We also use the `round()` function in order to remove unneeded decimal values.
**Question 5.** What proportion think government should increase taxes and spend more on health, education and social benefits?
Several R packages offer functions for computing confidence intervals and standard errors of means.
Here again, we privilege doing things by hand in order to properly undertstand what is happening in the background.
Under assumptions of simple random sampling, a 95% confidence of the mean is defined as plus or minus 1.96 times the standard error of the mean.
The standard error of the mean itself is the standard error of the mean (that is, the square root of its variance) divided by the square of the sample size.
Since we have functions for computing weighted means and variance in R, we can compute:
```{r cimean}
m.p<-wtd.mean(bsa20$PenExp2.r,weights=bsa20$BSA20_wt_new)
se.p<-sqrt(wtd.var(bsa20$PenExp2.r,weights=bsa20$BSA20_wt_new))
n<-sum(bsa20$BSA20_wt_new[!is.na(bsa20$PenExp2)])
ci<-c(m.p,m.p-1.96*(se.p/sqrt(n)),m.p+1.96*(se.p/sqrt(n)))
round(ci,1)
```
**Question 6** How much do people think they will get at state pension age?
### Answers
1. There are `r nrow(bsa20)` cases in the dataset.
2. The total number of variables is `r ncol(bsa20)`.
3. *`TAXSPEND` records responses to the questions of whether government should reduce/increase/maintain levels of taxation and spending.

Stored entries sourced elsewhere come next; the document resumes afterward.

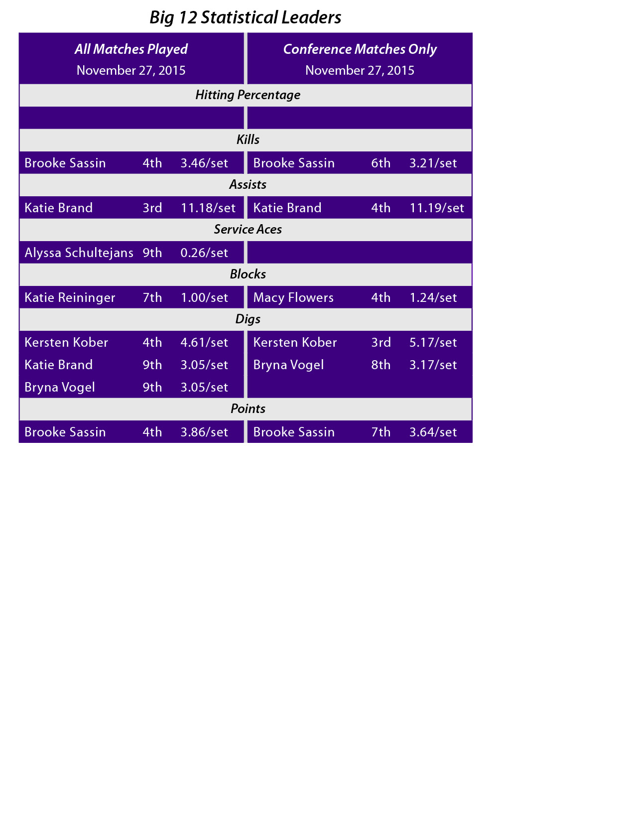 Brooke Sassin led with 16 points and 15 kills. Although she hit a modest .128, she was a big factor in tonight's victory. Her work tonight moves her up to #3 in kills in Big 12 in conference matches, at 3.29 per set.
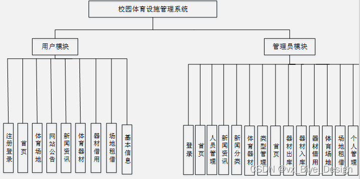 这些功能可以充分满足校园体育设施管理系统小程序的需求。此系统功能较为全面如下图系统功能结构如图4-5所示。
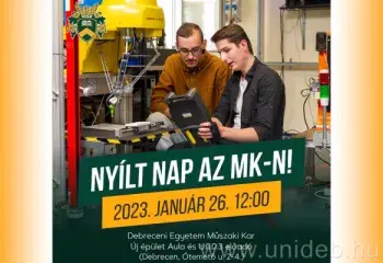 A képzésekről, a laborokról és az elhelyezkedési esélyekről is tájékozódhatnak a középiskolások a Debreceni Egyetem Műszaki Karán január 26-án, csütörtökön. Az Ótemető utcai épületben délben kezdődő és 18 óráig tartó rendezvényen a kar valamennyi tanszéke képviselteti magát, valamint a debreceni BMW gyár szereléstervezési vezetője is előadást tart.
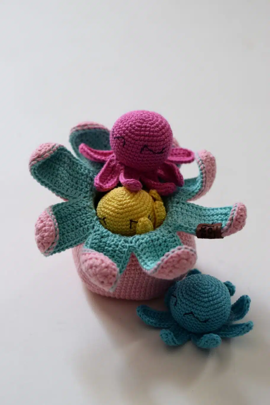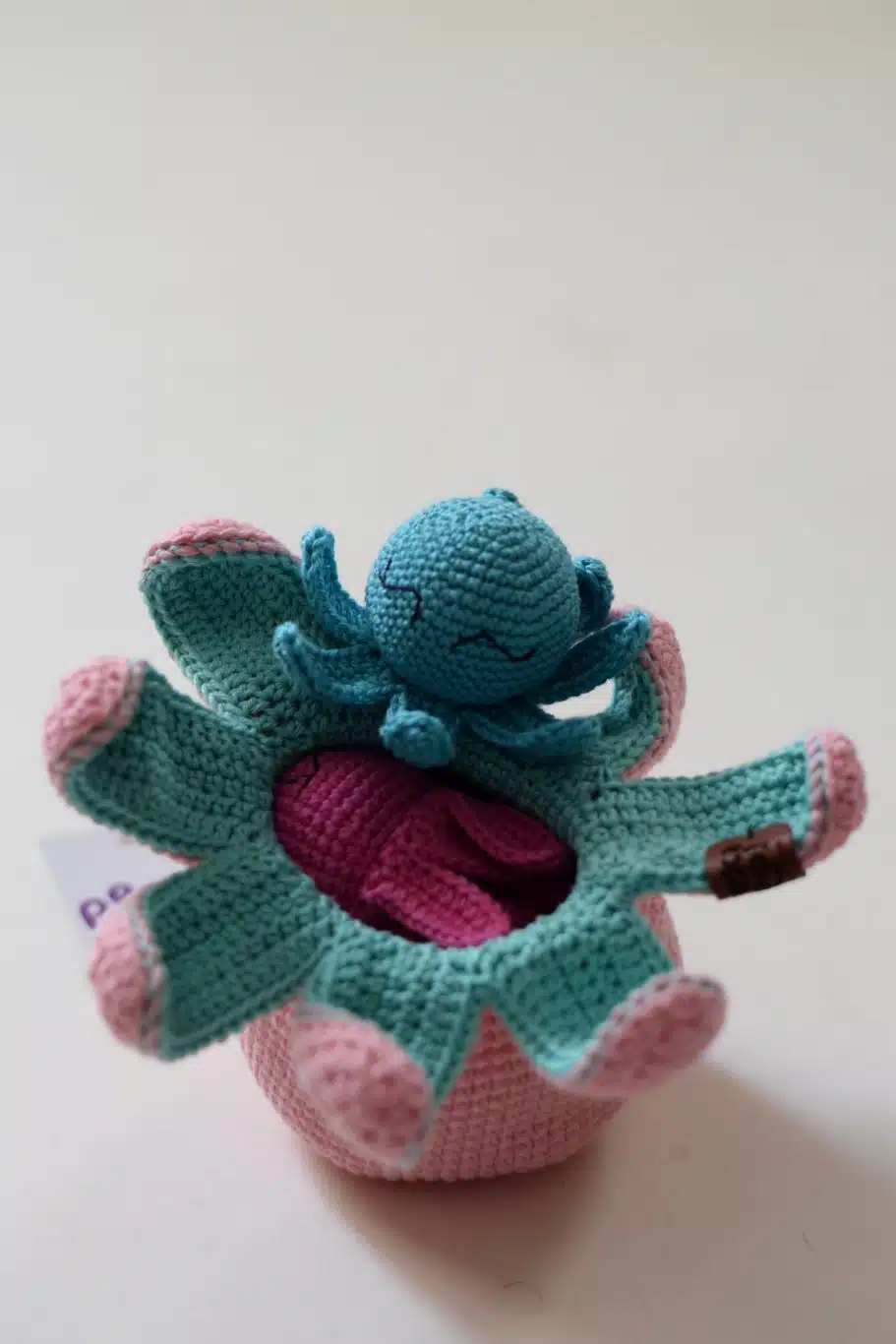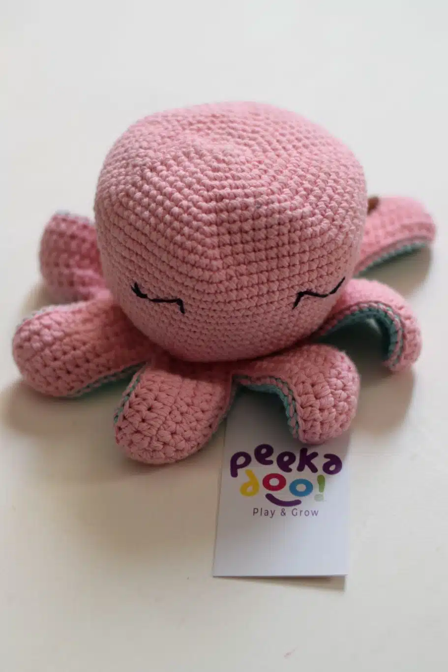 With eight twisty tentacles and a friendly smile, Otto the Octopus is a sensory-rich crochet toy that helps babies explore texture and movement.
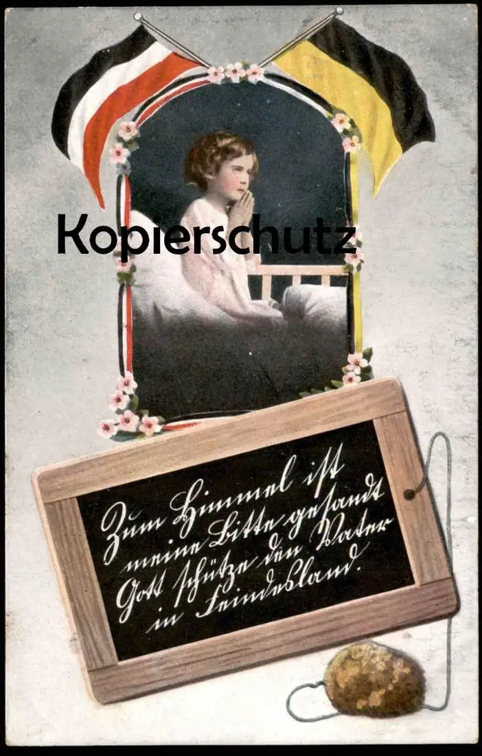 ALTE POSTKARTE KIND IM GEBET 1. WELTKRIEG GOTT SCHÜTZE DEN VATER IN FEINDESLAND PATRIOTIKA Patriotismus Ansichtskarte
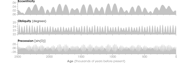 - Berger, A. (1992). Orbital Variations and Insolation Database. IGBP PAGES/World Data Center-A for Paleoclimatology Data Contribution Series #92-007. Boulder, Colorado: NOAA/NGDC Paleoclimatology Program.

There are three possible responses to the question.* `EUVOTWHO` records responses to the question 'Did you vote to 'remain a member of the EU' or to 'leave the EU'?'
The responses are 'Remain' or 'Leave'.
\*`PenExp2` contains responses to the question 'How much do you think someone who reaches State Pension age today would receive in pounds per week?'
Responses are numeric.
4. There are two reasons for the many not applicable.
- Routing: the question is only asked to those who said yes to a previous question (EURefV2).
- Versions 5 and 6 - The BSA uses a split sample and the question is only asked in Versions 5 and 6.
5. Between `r ciprop[3,3]` and `r ciprop[3,4]`% in the population say the government should increase taxes and spend more.
6. The amount people think they will get at state pension age varies between £`r round(ci[2])` and £`r round(ci[3])`, with an average (ie mean) in the region of £`r round(ci[1])`.